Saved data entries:
════════

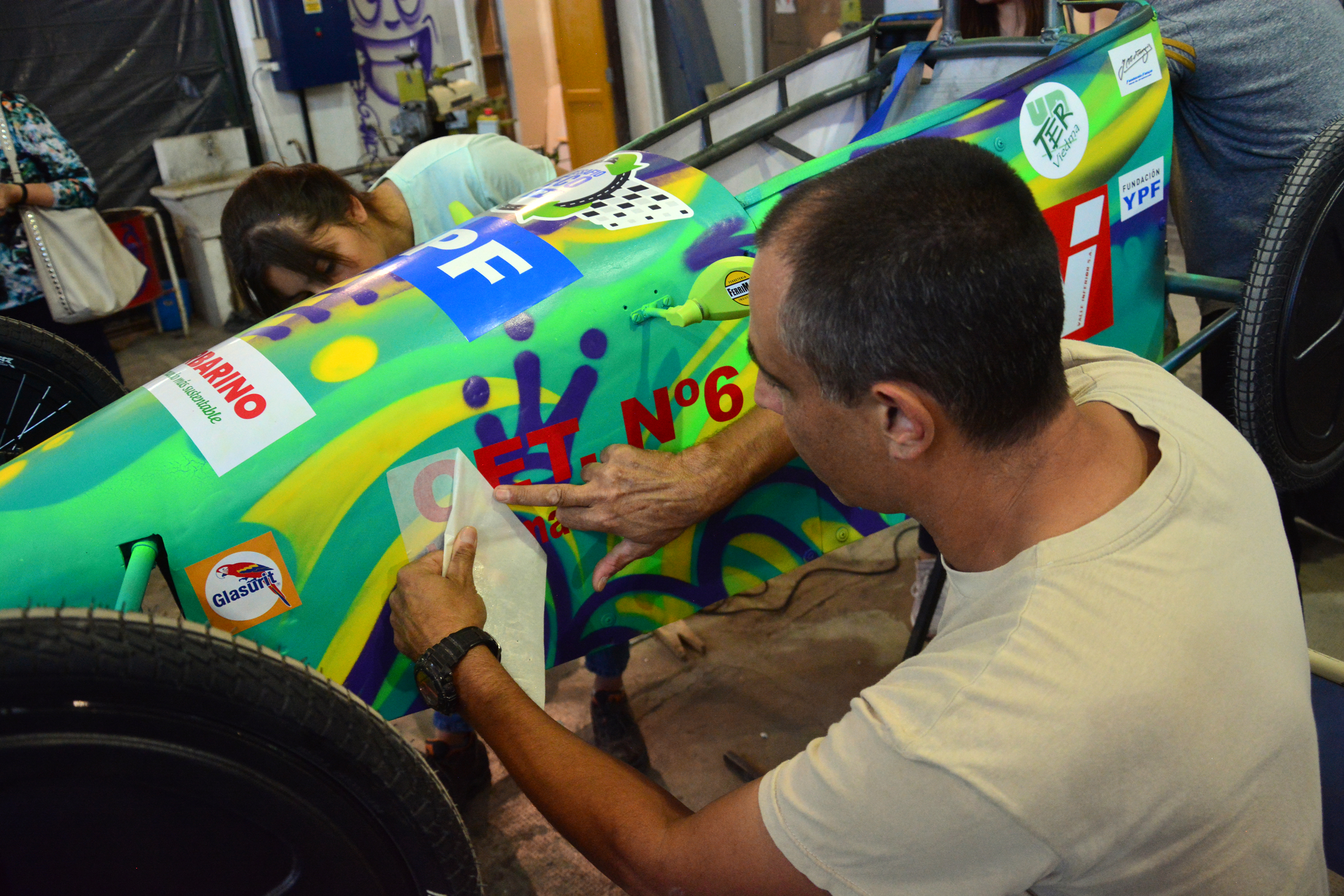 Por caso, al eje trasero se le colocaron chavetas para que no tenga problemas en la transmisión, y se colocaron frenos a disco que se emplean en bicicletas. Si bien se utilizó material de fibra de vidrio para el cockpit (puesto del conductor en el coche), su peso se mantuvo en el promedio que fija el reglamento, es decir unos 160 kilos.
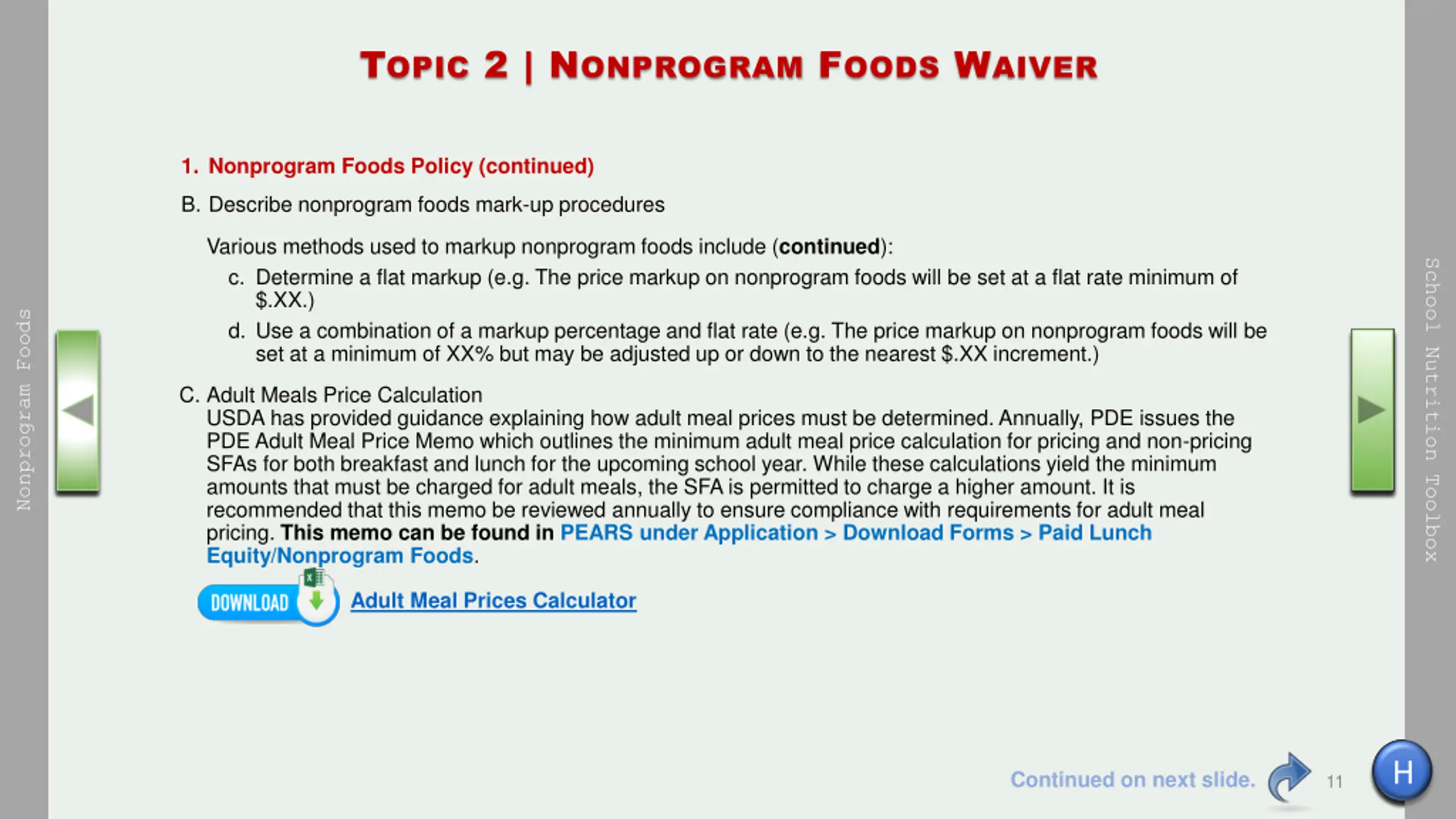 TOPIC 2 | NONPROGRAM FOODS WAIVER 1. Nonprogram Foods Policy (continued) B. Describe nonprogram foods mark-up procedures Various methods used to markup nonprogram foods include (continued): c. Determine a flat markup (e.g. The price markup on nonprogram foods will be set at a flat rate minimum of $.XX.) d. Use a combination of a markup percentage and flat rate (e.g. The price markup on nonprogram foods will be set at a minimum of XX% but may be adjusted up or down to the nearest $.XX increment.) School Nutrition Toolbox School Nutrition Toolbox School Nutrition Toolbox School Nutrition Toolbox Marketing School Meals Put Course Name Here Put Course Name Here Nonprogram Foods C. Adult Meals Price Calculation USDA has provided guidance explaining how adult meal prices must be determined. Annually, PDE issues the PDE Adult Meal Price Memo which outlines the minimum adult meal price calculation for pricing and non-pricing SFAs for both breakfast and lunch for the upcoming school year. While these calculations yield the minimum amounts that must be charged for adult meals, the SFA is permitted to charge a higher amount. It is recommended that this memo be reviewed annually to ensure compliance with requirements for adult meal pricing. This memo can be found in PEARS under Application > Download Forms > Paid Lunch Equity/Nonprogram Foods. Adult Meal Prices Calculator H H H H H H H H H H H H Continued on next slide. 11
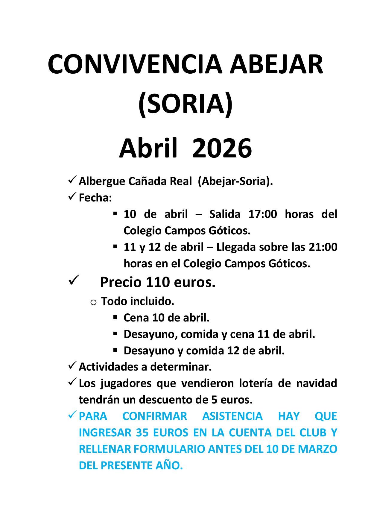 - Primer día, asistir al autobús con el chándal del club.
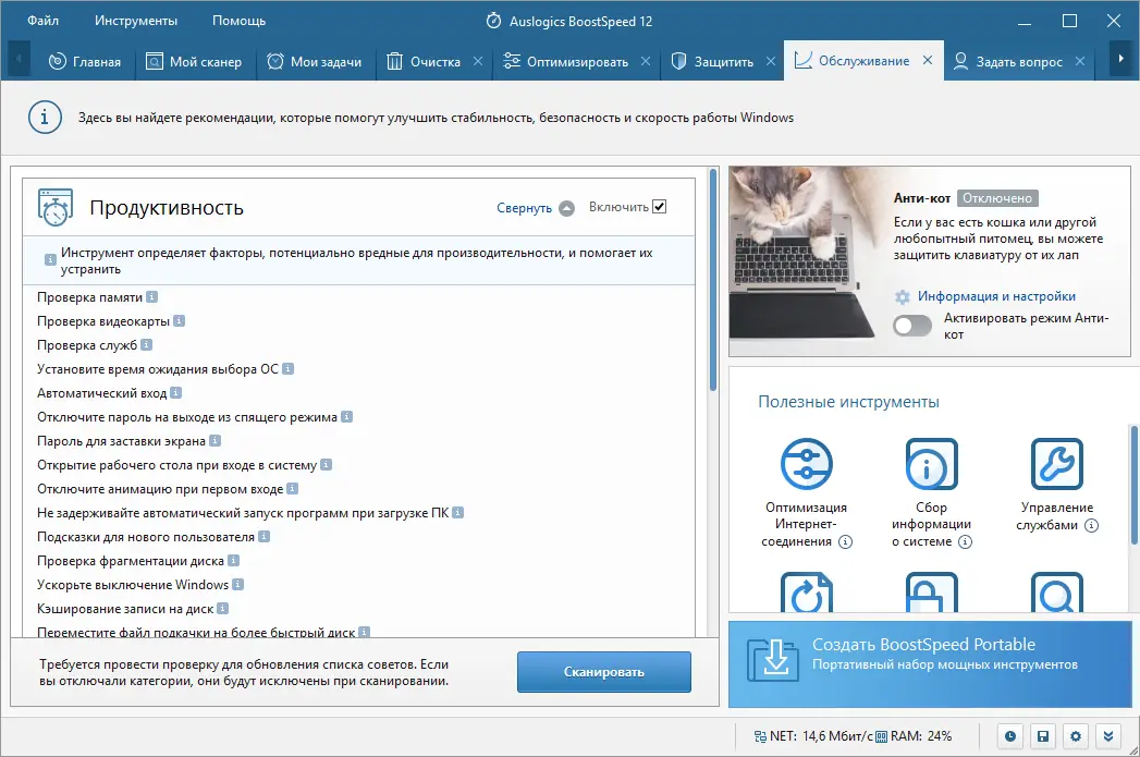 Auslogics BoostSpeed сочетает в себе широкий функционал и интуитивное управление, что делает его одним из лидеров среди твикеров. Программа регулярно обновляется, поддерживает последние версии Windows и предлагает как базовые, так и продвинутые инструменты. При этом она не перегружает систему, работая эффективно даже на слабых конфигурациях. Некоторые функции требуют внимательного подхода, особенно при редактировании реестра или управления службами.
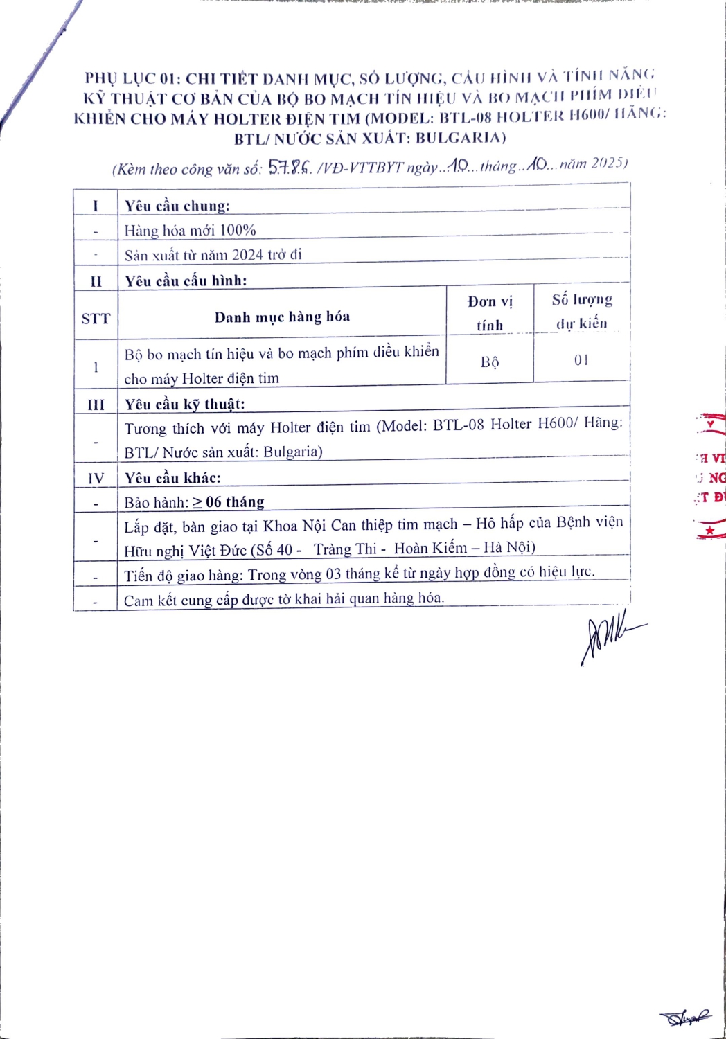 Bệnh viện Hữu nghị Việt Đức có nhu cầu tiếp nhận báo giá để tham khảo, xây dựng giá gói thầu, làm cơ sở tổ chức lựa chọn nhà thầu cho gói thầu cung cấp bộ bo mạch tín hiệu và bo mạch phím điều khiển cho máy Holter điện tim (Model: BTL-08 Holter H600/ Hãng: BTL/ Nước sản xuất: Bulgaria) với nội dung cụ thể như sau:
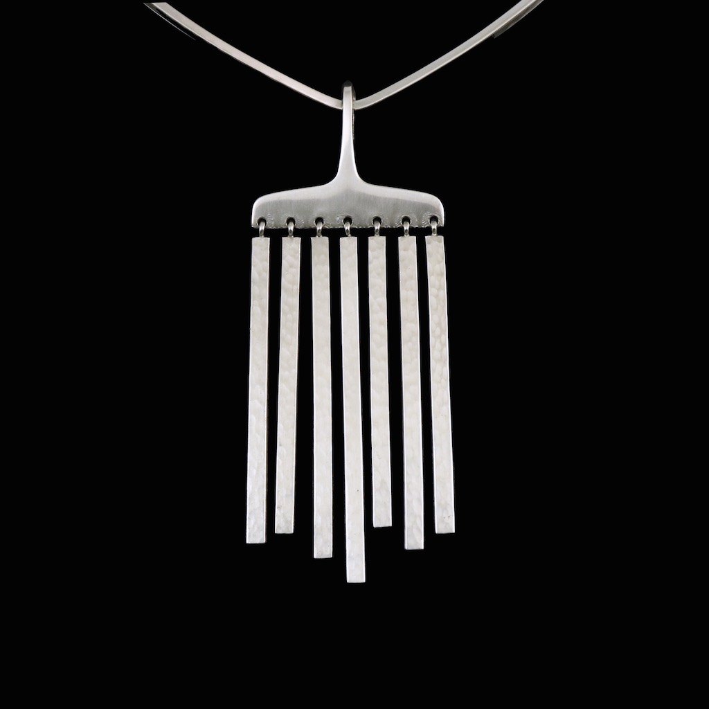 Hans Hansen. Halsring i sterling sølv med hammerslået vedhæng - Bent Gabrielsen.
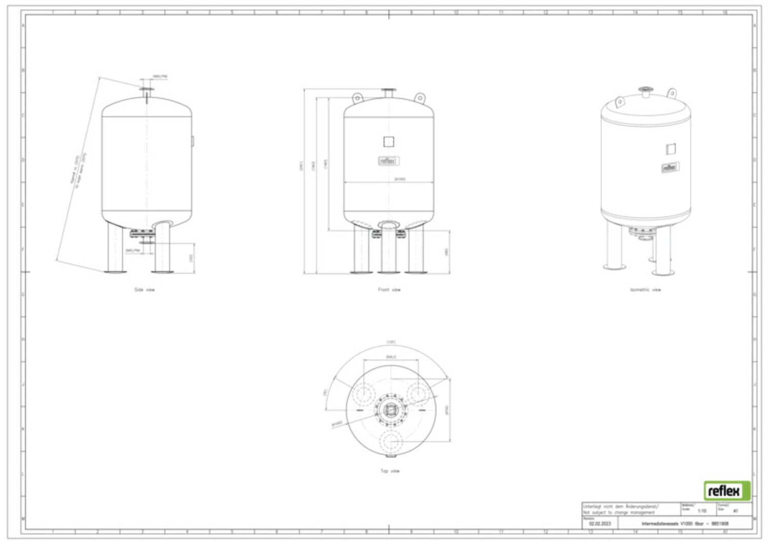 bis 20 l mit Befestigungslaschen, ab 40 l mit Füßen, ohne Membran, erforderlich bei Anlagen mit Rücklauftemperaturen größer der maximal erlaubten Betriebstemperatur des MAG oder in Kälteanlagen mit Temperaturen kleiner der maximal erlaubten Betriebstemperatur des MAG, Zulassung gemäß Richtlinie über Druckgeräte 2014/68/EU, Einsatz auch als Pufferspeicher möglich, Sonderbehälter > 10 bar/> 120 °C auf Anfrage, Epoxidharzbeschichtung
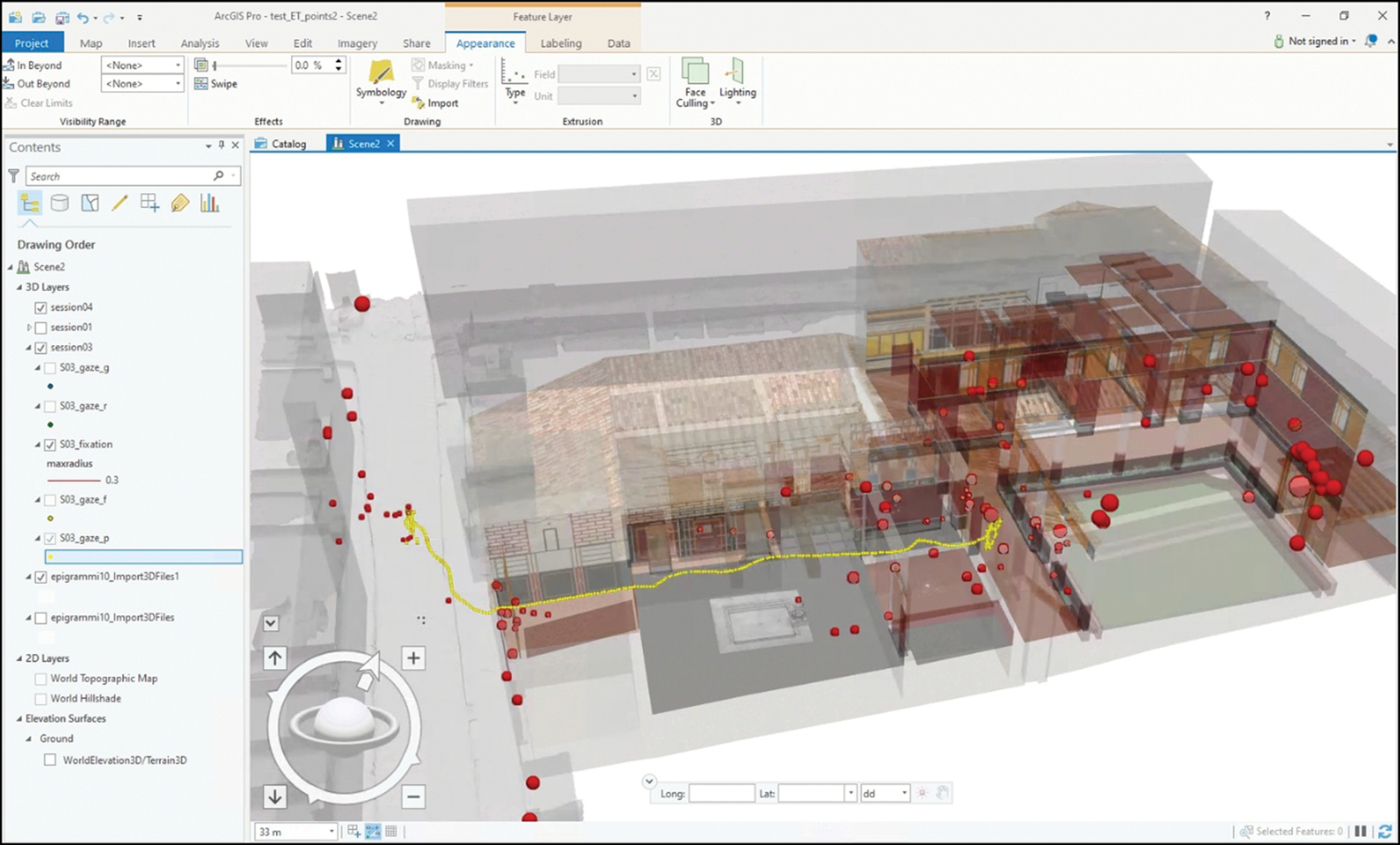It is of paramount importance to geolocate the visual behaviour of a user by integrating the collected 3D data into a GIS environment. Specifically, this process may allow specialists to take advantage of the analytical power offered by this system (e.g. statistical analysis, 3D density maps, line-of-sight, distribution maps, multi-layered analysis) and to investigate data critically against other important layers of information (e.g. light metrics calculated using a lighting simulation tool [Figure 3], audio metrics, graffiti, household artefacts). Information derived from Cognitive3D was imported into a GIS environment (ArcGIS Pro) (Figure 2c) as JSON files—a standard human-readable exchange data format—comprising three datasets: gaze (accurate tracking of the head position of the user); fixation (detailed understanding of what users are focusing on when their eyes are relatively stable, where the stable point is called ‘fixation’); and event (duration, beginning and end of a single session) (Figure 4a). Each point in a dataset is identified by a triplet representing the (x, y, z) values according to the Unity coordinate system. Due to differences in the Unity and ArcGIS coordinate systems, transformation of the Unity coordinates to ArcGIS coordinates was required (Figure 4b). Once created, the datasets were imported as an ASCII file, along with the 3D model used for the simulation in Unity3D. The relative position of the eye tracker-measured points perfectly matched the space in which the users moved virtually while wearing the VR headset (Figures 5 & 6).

════════

### WHAT YOU ARE ASKED TO DO
Every line above should be copied exactly, apart from any pictures.

### RESULT OF THIS TASK
 Por caso, al eje trasero se le colocaron chavetas para que no tenga problemas en la transmisión, y se colocaron frenos a disco que se emplean en bicicletas. Si bien se utilizó material de fibra de vidrio para el cockpit (puesto del conductor en el coche), su peso se mantuvo en el promedio que fija el reglamento, es decir unos 160 kilos.
 TOPIC 2 | NONPROGRAM FOODS WAIVER 1. Nonprogram Foods Policy (continued) B. Describe nonprogram foods mark-up procedures Various methods used to markup nonprogram foods include (continued): c. Determine a flat markup (e.g. The price markup on nonprogram foods will be set at a flat rate minimum of $.XX.) d. Use a combination of a markup percentage and flat rate (e.g. The price markup on nonprogram foods will be set at a minimum of XX% but may be adjusted up or down to the nearest $.XX increment.) School Nutrition Toolbox School Nutrition Toolbox School Nutrition Toolbox School Nutrition Toolbox Marketing School Meals Put Course Name Here Put Course Name Here Nonprogram Foods C. Adult Meals Price Calculation USDA has provided guidance explaining how adult meal prices must be determined. Annually, PDE issues the PDE Adult Meal Price Memo which outlines the minimum adult meal price calculation for pricing and non-pricing SFAs for both breakfast and lunch for the upcoming school year. While these calculations yield the minimum amounts that must be charged for adult meals, the SFA is permitted to charge a higher amount. It is recommended that this memo be reviewed annually to ensure compliance with requirements for adult meal pricing. This memo can be found in PEARS under Application > Download Forms > Paid Lunch Equity/Nonprogram Foods. Adult Meal Prices Calculator H H H H H H H H H H H H Continued on next slide. 11
 - Primer día, asistir al autobús con el chándal del club.
 Auslogics BoostSpeed сочетает в себе широкий функционал и интуитивное управление, что делает его одним из лидеров среди твикеров. Программа регулярно обновляется, поддерживает последние версии Windows и предлагает как базовые, так и продвинутые инструменты. При этом она не перегружает систему, работая эффективно даже на слабых конфигурациях. Некоторые функции требуют внимательного подхода, особенно при редактировании реестра или управления службами.
 Bệnh viện Hữu nghị Việt Đức có nhu cầu tiếp nhận báo giá để tham khảo, xây dựng giá gói thầu, làm cơ sở tổ chức lựa chọn nhà thầu cho gói thầu cung cấp bộ bo mạch tín hiệu và bo mạch phím điều khiển cho máy Holter điện tim (Model: BTL-08 Holter H600/ Hãng: BTL/ Nước sản xuất: Bulgaria) với nội dung cụ thể như sau:
 Hans Hansen. Halsring i sterling sølv med hammerslået vedhæng - Bent Gabrielsen.
 bis 20 l mit Befestigungslaschen, ab 40 l mit Füßen, ohne Membran, erforderlich bei Anlagen mit Rücklauftemperaturen größer der maximal erlaubten Betriebstemperatur des MAG oder in Kälteanlagen mit Temperaturen kleiner der maximal erlaubten Betriebstemperatur des MAG, Zulassung gemäß Richtlinie über Druckgeräte 2014/68/EU, Einsatz auch als Pufferspeicher möglich, Sonderbehälter > 10 bar/> 120 °C auf Anfrage, Epoxidharzbeschichtung
It is of paramount importance to geolocate the visual behaviour of a user by integrating the collected 3D data into a GIS environment. Specifically, this process may allow specialists to take advantage of the analytical power offered by this system (e.g. statistical analysis, 3D density maps, line-of-sight, distribution maps, multi-layered analysis) and to investigate data critically against other important layers of information (e.g. light metrics calculated using a lighting simulation tool [Figure 3], audio metrics, graffiti, household artefacts). Information derived from Cognitive3D was imported into a GIS environment (ArcGIS Pro) (Figure 2c) as JSON files—a standard human-readable exchange data format—comprising three datasets: gaze (accurate tracking of the head position of the user); fixation (detailed understanding of what users are focusing on when their eyes are relatively stable, where the stable point is called ‘fixation’); and event (duration, beginning and end of a single session) (Figure 4a). Each point in a dataset is identified by a triplet representing the (x, y, z) values according to the Unity coordinate system. Due to differences in the Unity and ArcGIS coordinate systems, transformation of the Unity coordinates to ArcGIS coordinates was required (Figure 4b). Once created, the datasets were imported as an ASCII file, along with the 3D model used for the simulation in Unity3D. The relative position of the eye tracker-measured points perfectly matched the space in which the users moved virtually while wearing the VR headset (Figures 5 & 6).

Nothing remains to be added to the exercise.